## TRY IT
Leave out the images and repeat the listing below without a single change.

## DATA PROVIDED
# # #

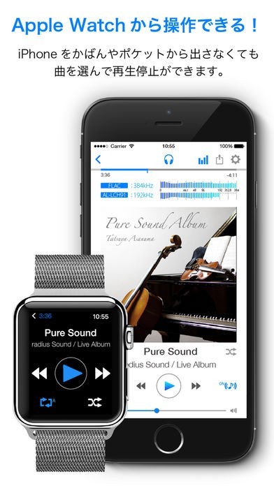 ハイレゾ音源で音楽が楽しめる「ハイレゾ対応 音楽プレイヤー」はシャッフル再生に対応しているスマホアプリで、歌詞を表示出来る特徴があります。「アルバム」や「プレイリスト」で楽曲を管理する事が可能ですし、イコライザー機能で音楽を自由にアレンジ出来るのが機能のメリットでしょう。スマートウォッチと連動しているので、曲の再生や停止もスムーズに行えるようになっています。
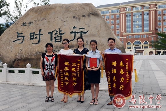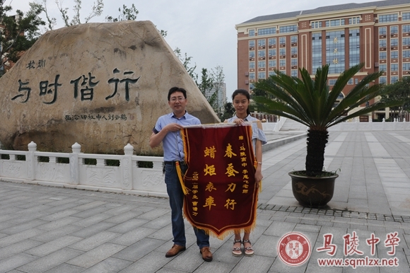 720上午,我校2016届毕业生曹镨方和她的家长一起来到1888855,将两面印有“教授固有方,桃李满天下”“春蚕力行,蜡炬表率”的锦旗分别赠送给母校和她的班主任,以表达对母校、对老师的感激之情。校党委书记张美华、2016届高三年级主任盛莉、班主任李忠飞老师接下了锦旗。
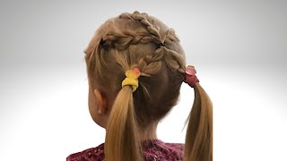 Красивые Детские Прически / Два высоких хвоста с косами / Как заплести косы пошагово
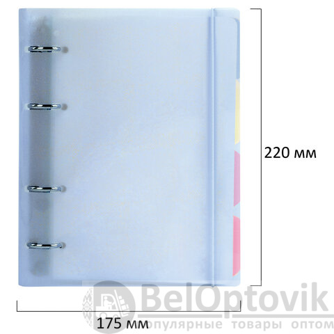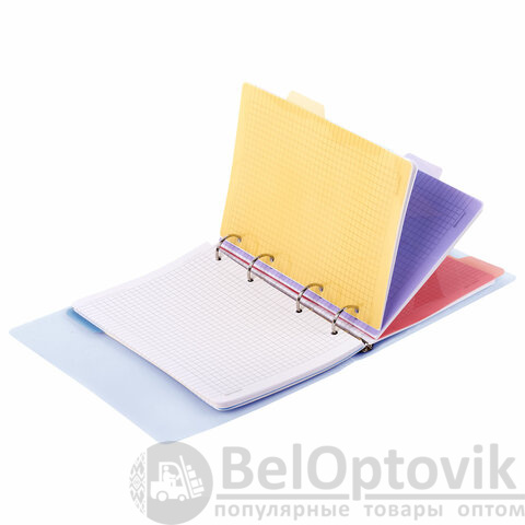 Кольцевой механизм позволяет легко сменить внутренний блок на новый, не покупая при этом новую тетрадь. Диаметр колец составляет 25 мм. Одна такая тетрадь способна заменить несколько небольших тетрадей для разного рода информации. Для удобства ведения записей тетрадь снабжена разделителями.

# # #

## SOLUTION TO THE EXERCISE
 ハイレゾ音源で音楽が楽しめる「ハイレゾ対応 音楽プレイヤー」はシャッフル再生に対応しているスマホアプリで、歌詞を表示出来る特徴があります。「アルバム」や「プレイリスト」で楽曲を管理する事が可能ですし、イコライザー機能で音楽を自由にアレンジ出来るのが機能のメリットでしょう。スマートウォッチと連動しているので、曲の再生や停止もスムーズに行えるようになっています。
 720上午,我校2016届毕业生曹镨方和她的家长一起来到1888855,将两面印有“教授固有方,桃李满天下”“春蚕力行,蜡炬表率”的锦旗分别赠送给母校和她的班主任,以表达对母校、对老师的感激之情。校党委书记张美华、2016届高三年级主任盛莉、班主任李忠飞老师接下了锦旗。
 Красивые Детские Прически / Два высоких хвоста с косами / Как заплести косы пошагово
 Кольцевой механизм позволяет легко сменить внутренний блок на новый, не покупая при этом новую тетрадь. Диаметр колец составляет 25 мм. Одна такая тетрадь способна заменить несколько небольших тетрадей для разного рода информации. Для удобства ведения записей тетрадь снабжена разделителями.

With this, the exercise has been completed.